* _EXERCISE AIM_:
The reply should hold only the lines from the one with "Kegiatan PKPM ini" to the one with "Al M° Vittorino", both ends kept, exactly as they appear below, without any pictures.

------------------------------------------------

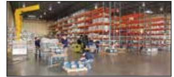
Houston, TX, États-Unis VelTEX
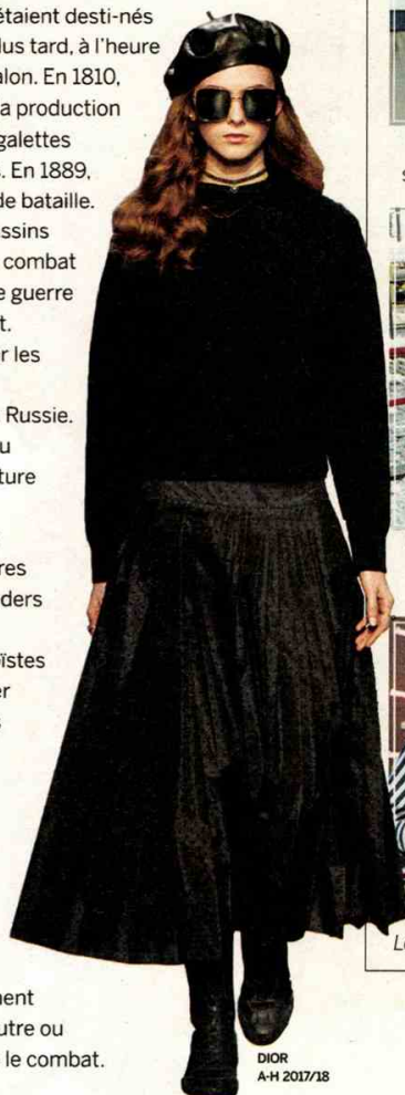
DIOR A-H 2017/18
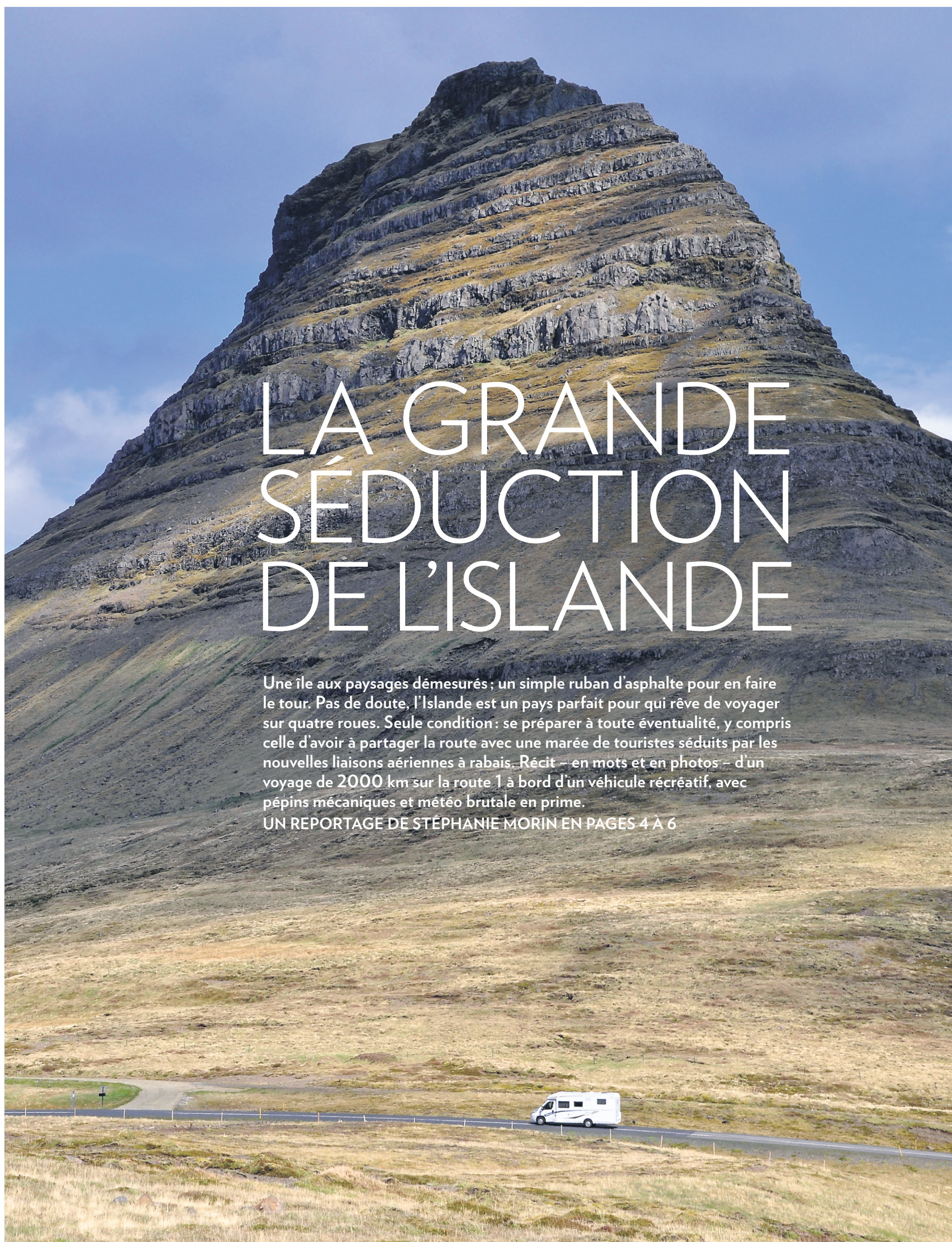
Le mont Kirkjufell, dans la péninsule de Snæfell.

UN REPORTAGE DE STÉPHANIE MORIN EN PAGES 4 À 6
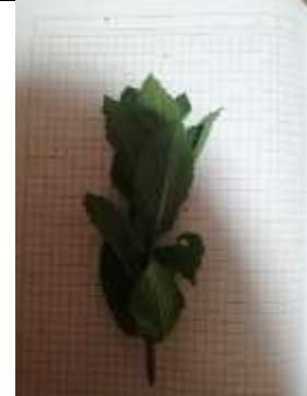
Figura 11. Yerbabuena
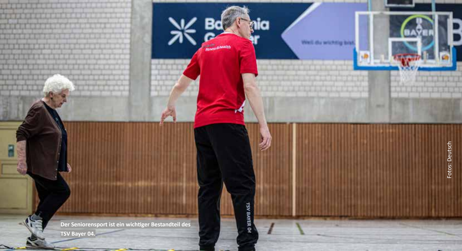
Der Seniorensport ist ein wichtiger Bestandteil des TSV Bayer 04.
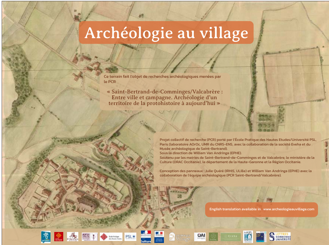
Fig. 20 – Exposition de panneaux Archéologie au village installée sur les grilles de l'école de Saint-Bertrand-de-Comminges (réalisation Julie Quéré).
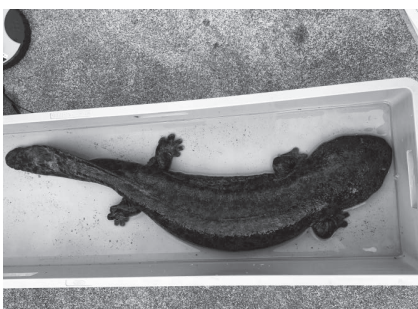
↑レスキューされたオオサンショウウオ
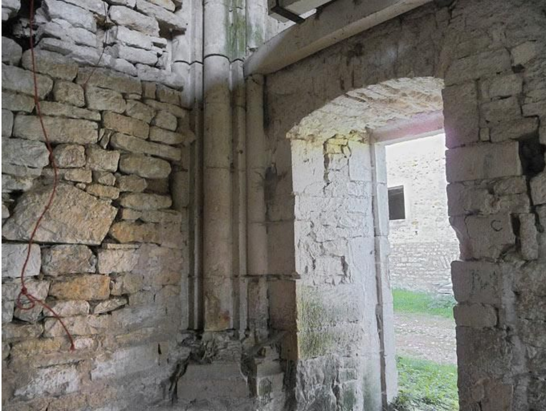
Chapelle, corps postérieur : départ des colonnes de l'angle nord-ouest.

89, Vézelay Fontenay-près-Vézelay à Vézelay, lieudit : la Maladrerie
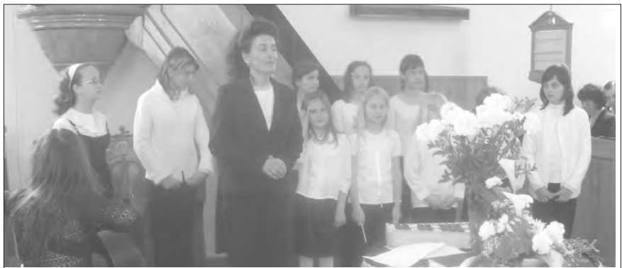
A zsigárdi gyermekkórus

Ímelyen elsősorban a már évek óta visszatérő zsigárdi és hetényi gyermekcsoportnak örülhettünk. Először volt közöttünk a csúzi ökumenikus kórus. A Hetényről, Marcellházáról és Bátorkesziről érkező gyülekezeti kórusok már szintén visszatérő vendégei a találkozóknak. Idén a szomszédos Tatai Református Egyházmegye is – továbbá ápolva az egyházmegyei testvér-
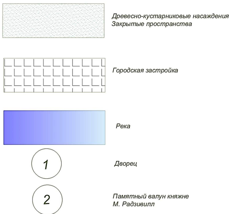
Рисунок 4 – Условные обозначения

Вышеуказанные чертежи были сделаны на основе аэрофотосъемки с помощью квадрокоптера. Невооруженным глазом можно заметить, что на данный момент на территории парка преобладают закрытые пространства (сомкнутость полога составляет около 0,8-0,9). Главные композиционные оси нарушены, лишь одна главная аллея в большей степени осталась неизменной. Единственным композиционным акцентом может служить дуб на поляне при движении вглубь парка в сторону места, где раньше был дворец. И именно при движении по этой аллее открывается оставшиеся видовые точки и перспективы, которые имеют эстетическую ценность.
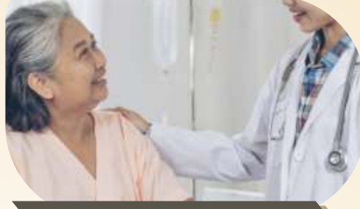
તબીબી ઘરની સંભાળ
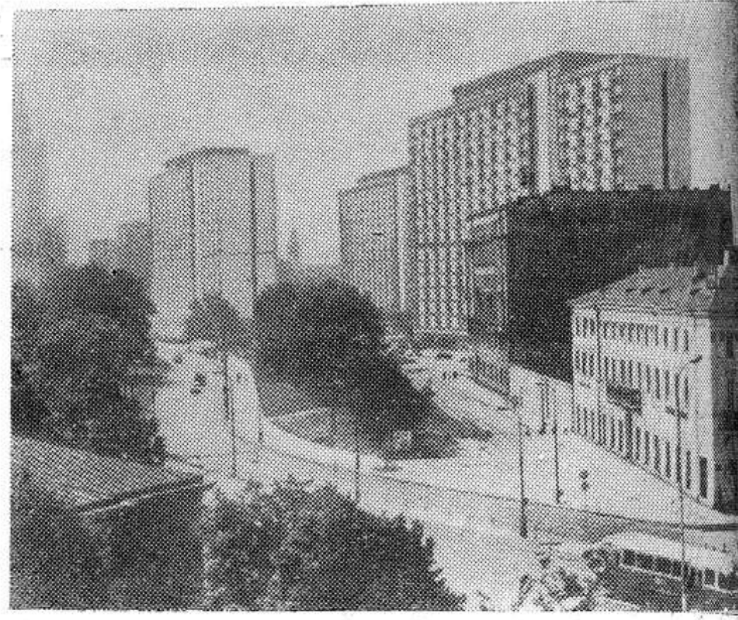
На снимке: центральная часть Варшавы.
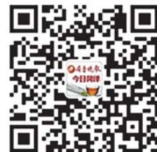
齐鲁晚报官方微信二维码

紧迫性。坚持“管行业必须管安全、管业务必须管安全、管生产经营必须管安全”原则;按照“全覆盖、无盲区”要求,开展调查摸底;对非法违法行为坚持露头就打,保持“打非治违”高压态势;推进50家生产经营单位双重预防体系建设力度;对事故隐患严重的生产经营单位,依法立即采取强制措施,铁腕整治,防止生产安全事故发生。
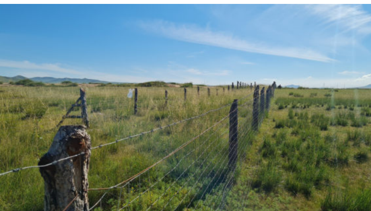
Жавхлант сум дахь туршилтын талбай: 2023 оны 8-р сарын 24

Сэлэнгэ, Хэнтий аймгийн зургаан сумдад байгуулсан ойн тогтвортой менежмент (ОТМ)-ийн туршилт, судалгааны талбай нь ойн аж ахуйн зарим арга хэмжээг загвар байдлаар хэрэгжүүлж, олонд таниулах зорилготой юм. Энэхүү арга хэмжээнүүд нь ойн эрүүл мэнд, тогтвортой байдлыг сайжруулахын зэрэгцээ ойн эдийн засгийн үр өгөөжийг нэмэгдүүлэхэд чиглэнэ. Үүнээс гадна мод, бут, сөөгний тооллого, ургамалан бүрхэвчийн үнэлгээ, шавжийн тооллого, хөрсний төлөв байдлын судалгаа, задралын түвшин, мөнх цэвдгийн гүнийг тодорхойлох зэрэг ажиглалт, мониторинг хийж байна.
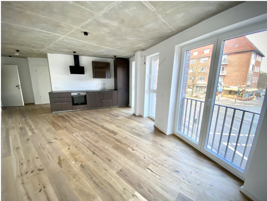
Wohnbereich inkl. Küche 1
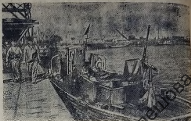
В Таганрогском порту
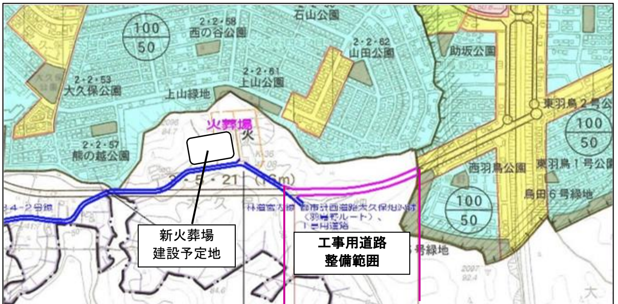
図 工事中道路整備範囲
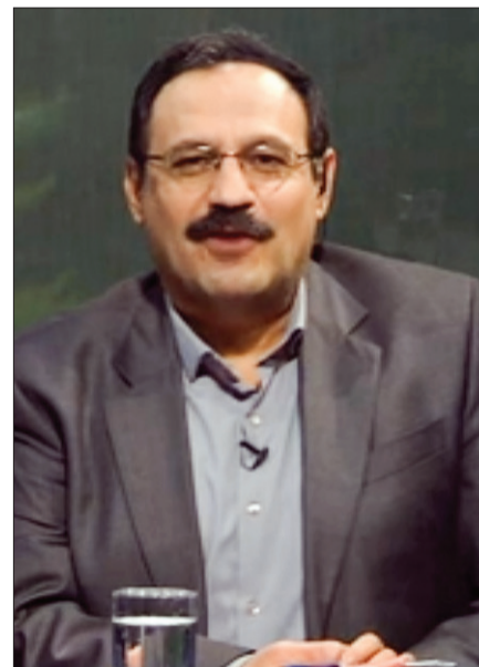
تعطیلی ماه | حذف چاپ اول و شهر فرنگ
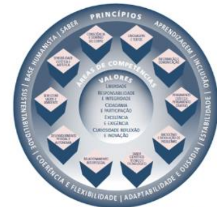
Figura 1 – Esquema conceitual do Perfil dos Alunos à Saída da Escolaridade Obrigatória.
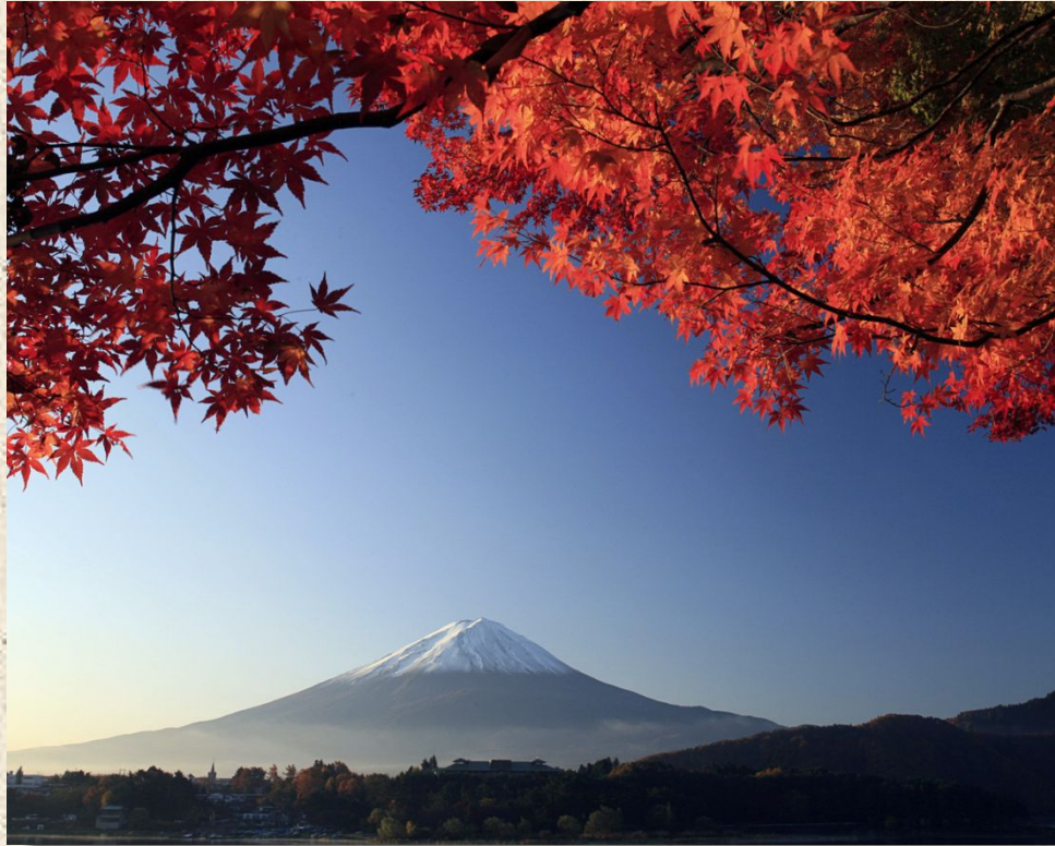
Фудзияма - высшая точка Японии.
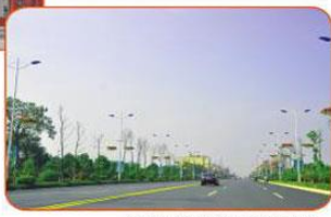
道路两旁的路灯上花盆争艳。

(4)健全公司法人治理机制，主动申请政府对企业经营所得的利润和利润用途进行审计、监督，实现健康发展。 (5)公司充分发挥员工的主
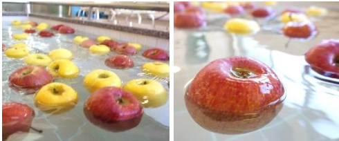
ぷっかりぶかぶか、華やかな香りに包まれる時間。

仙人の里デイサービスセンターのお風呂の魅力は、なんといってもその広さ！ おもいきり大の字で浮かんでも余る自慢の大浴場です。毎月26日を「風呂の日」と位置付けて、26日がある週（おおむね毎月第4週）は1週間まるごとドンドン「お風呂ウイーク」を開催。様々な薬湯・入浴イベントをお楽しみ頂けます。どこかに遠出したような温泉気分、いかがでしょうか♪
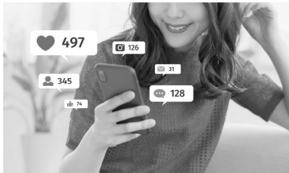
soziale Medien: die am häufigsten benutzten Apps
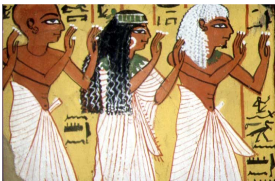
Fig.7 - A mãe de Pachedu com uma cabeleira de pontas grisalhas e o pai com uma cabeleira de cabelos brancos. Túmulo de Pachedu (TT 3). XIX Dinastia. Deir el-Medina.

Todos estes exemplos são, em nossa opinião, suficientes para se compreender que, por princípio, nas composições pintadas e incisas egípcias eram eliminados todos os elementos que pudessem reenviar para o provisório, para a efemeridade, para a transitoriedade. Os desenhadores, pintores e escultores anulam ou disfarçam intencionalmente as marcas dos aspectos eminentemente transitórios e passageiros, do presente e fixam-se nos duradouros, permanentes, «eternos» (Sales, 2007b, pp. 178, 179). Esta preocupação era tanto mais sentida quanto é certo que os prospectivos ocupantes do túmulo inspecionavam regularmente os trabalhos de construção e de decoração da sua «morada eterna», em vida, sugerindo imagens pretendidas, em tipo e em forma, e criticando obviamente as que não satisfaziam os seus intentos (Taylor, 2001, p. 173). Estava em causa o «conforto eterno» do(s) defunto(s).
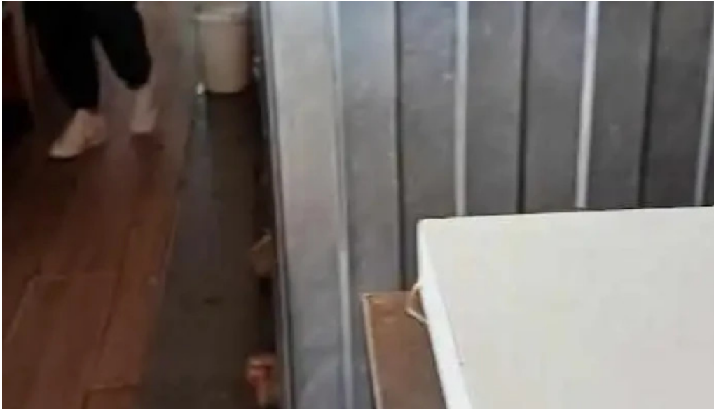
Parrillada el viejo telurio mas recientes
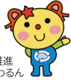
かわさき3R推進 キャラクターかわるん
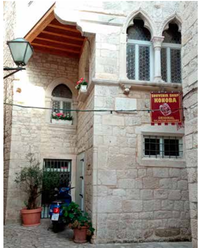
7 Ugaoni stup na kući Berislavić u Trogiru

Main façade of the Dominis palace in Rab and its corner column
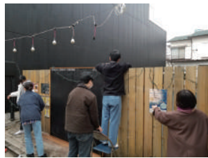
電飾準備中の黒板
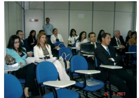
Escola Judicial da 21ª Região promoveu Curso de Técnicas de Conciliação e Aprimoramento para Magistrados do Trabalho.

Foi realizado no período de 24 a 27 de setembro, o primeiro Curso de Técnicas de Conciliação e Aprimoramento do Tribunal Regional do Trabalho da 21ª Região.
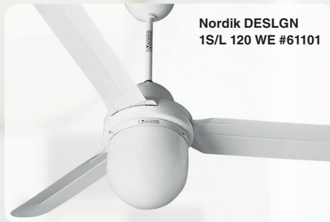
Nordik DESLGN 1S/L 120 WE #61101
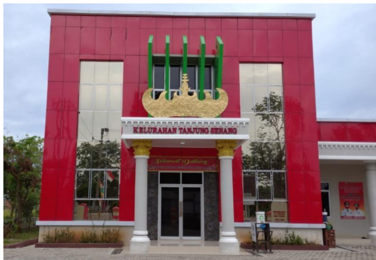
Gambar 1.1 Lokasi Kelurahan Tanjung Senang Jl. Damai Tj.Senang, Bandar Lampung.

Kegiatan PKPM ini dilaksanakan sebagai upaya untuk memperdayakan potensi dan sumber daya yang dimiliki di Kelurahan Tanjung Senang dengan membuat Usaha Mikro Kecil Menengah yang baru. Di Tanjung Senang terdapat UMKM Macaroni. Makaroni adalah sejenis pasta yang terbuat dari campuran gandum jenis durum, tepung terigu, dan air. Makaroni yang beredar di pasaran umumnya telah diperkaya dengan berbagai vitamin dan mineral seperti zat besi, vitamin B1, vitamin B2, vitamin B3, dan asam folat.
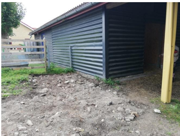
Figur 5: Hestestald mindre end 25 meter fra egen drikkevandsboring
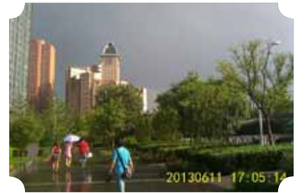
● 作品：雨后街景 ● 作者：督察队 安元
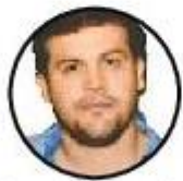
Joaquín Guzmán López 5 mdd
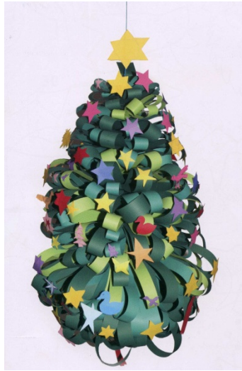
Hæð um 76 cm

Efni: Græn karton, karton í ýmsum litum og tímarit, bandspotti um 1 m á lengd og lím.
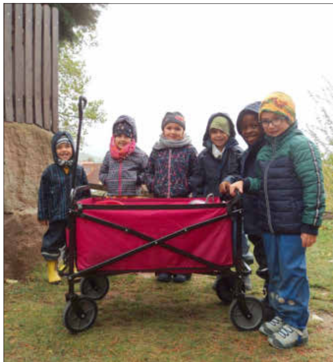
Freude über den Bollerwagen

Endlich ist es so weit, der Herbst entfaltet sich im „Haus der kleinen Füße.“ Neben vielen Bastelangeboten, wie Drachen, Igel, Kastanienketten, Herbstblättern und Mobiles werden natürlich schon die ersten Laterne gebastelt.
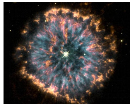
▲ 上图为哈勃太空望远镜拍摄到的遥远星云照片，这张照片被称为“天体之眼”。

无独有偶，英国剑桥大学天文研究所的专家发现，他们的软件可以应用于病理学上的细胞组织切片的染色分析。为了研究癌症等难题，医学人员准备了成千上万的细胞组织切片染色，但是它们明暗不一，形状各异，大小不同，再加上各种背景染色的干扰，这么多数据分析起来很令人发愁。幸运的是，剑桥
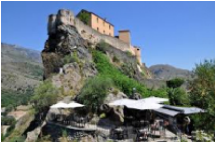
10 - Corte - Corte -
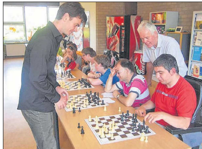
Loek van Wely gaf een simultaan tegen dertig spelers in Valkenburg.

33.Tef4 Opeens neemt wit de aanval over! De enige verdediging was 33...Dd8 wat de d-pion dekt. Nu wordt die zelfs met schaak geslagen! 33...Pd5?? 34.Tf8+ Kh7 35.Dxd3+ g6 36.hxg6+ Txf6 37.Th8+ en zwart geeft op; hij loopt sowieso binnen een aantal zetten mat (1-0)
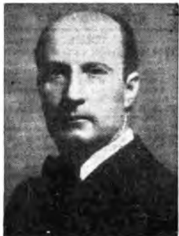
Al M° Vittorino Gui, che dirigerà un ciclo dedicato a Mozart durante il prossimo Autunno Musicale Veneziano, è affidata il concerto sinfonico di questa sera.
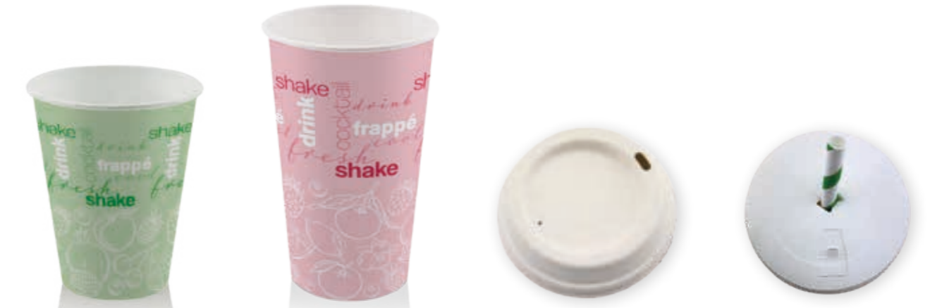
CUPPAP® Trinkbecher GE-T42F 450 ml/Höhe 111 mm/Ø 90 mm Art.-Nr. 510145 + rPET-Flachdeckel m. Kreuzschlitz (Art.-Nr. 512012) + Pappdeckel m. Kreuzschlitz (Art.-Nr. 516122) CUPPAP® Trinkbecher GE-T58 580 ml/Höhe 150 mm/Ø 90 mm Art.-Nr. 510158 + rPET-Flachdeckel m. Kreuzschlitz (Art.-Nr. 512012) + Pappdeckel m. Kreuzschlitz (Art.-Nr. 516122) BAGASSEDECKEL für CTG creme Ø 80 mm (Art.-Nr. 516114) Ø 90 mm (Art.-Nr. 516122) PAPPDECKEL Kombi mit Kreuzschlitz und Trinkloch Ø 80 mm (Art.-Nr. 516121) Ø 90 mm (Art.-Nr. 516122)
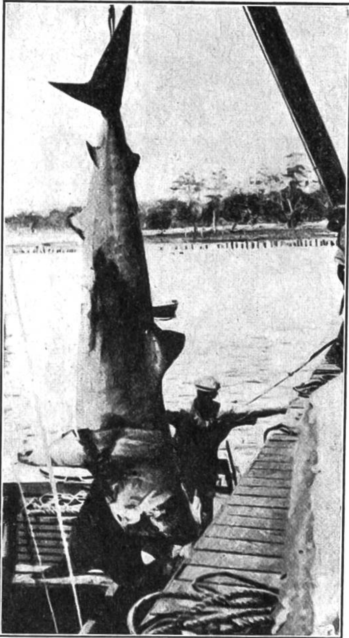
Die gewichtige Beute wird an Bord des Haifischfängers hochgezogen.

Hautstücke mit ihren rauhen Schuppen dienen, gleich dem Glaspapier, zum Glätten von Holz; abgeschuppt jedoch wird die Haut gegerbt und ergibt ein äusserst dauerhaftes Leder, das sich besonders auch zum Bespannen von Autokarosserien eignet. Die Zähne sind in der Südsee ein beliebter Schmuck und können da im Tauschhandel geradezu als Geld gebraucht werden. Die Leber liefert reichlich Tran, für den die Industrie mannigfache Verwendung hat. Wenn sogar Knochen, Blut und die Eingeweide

------------------------------------------------

* _RESULT FOR THIS TASK_:
Kegiatan PKPM ini dilaksanakan sebagai upaya untuk memperdayakan potensi dan sumber daya yang dimiliki di Kelurahan Tanjung Senang dengan membuat Usaha Mikro Kecil Menengah yang baru. Di Tanjung Senang terdapat UMKM Macaroni. Makaroni adalah sejenis pasta yang terbuat dari campuran gandum jenis durum, tepung terigu, dan air. Makaroni yang beredar di pasaran umumnya telah diperkaya dengan berbagai vitamin dan mineral seperti zat besi, vitamin B1, vitamin B2, vitamin B3, dan asam folat.
Figur 5: Hestestald mindre end 25 meter fra egen drikkevandsboring
● 作品：雨后街景 ● 作者：督察队 安元
Joaquín Guzmán López 5 mdd
Hæð um 76 cm

Efni: Græn karton, karton í ýmsum litum og tímarit, bandspotti um 1 m á lengd og lím.
Freude über den Bollerwagen

Endlich ist es so weit, der Herbst entfaltet sich im „Haus der kleinen Füße.“ Neben vielen Bastelangeboten, wie Drachen, Igel, Kastanienketten, Herbstblättern und Mobiles werden natürlich schon die ersten Laterne gebastelt.
▲ 上图为哈勃太空望远镜拍摄到的遥远星云照片，这张照片被称为“天体之眼”。

无独有偶，英国剑桥大学天文研究所的专家发现，他们的软件可以应用于病理学上的细胞组织切片的染色分析。为了研究癌症等难题，医学人员准备了成千上万的细胞组织切片染色，但是它们明暗不一，形状各异，大小不同，再加上各种背景染色的干扰，这么多数据分析起来很令人发愁。幸运的是，剑桥
10 - Corte - Corte -
Loek van Wely gaf een simultaan tegen dertig spelers in Valkenburg.

33.Tef4 Opeens neemt wit de aanval over! De enige verdediging was 33...Dd8 wat de d-pion dekt. Nu wordt die zelfs met schaak geslagen! 33...Pd5?? 34.Tf8+ Kh7 35.Dxd3+ g6 36.hxg6+ Txf6 37.Th8+ en zwart geeft op; hij loopt sowieso binnen een aantal zetten mat (1-0)
Al M° Vittorino Gui, che dirigerà un ciclo dedicato a Mozart durante il prossimo Autunno Musicale Veneziano, è affidata il concerto sinfonico di questa sera.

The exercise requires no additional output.